Sec. 21.74 Responsibilities.
(a) The General Counsel, Office of the Secretary, Department of
Health and Human Services, shall be the Designated Official for the
Department
[[Page 84]]
and shall provide guidance to the Service regarding administration of
the provisions of these regulations.
(b) The Commissioned Personnel Operations Division, Office of
Personnel Management, Office of Management, Office of the Assistant
Secretary for Health, shall implement the provisions of these
regulations.
Sec. 21.75 Procedures.
(a) Service of notice. (1) An authorized person shall serve on the
designated official of the Department a signed notice including:
(i) Full name of the officer;
(ii) Social security number of the officer;
(iii) Duty station location of the officer, if known;
(iv) A statement that support payments are delinquent by an amount
at least equal to the amount of support payable for two months;
(v) A photocopy, along with any modifications, of the underlying
support order;
(vi) A statement of the amount of arrearages provided for in the
court order and the amount which is to be applied each month toward
liquidation of the arrearages, if applicable;
(vii) The full name and address of the payee to whom the allotment
will be payable;
(viii) Any limitations on the duration of the support allotment.
(2) The service of notice shall be accomplished by certified or
registered mail, return receipt requested, or by personal service, upon
the appropriate designated official of the Department.

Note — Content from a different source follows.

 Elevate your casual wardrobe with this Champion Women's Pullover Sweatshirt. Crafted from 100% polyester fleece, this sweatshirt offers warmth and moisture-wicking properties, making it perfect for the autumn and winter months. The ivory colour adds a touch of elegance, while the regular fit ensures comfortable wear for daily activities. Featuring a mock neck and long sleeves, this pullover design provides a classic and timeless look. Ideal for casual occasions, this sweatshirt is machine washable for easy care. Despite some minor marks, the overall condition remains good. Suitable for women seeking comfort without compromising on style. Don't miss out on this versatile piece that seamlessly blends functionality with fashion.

The designated
official shall note the date and time of receipt on the notice.
(3) Valid service is not accomplished until the notice is received
in the office of the designated official.

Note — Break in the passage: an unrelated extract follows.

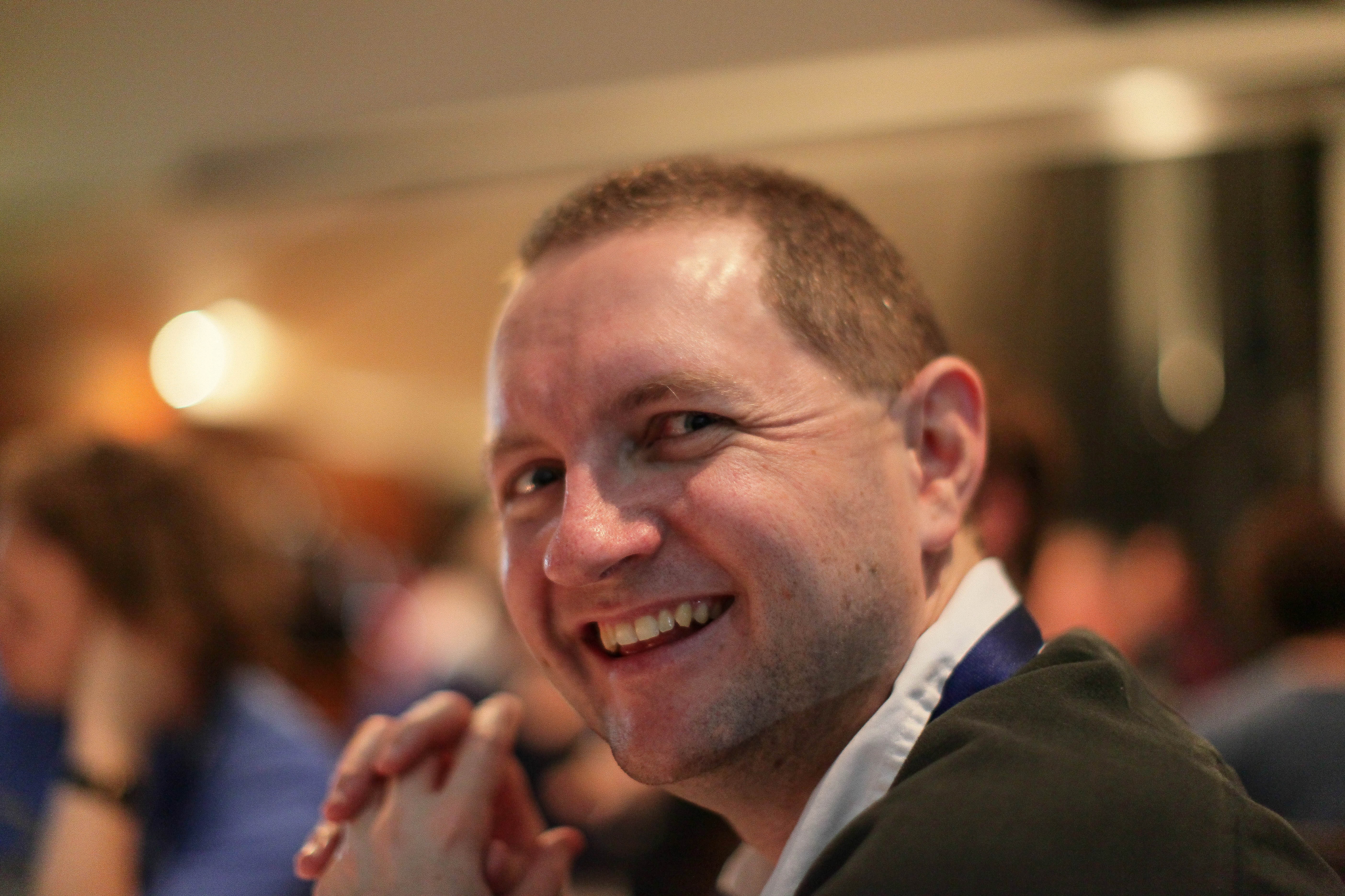 The photograph captures a man with a genuine smile, exuding warmth and approachability. Soft, ambient lighting creates a cozy atmosphere, enhancing the sense of camaraderie in the scene. The blurred background filled with other attendees suggests a lively and engaging gathering, adding to the overall inviting mood.

(4) If the order of a court or duly authorized administrative agency
seeks collection of arrearages, the notice must state that the support
allotment qualifies for the additional 5 percent in excess of the
maximum percentage limitations found in 15 U.S.C. 1673. Supporting
evidence must be submitted to the Department establishing that the
support order is 12 or more weeks in arrears.
(5) When the information submitted is not sufficient to identify the
officer the notice shall be returned directly to the authorized person
with an explanation of the deficiency. However, before returning the
notice, an attempt should be made to inform the authorized person who
caused the notice to be served that it will not be honored unless
adequate information is supplied.
(6) Upon proper service of notice of delinquent support payments and
together with all required supplementary documents and information, the
Service shall identify the officer from whom moneys are due and payable.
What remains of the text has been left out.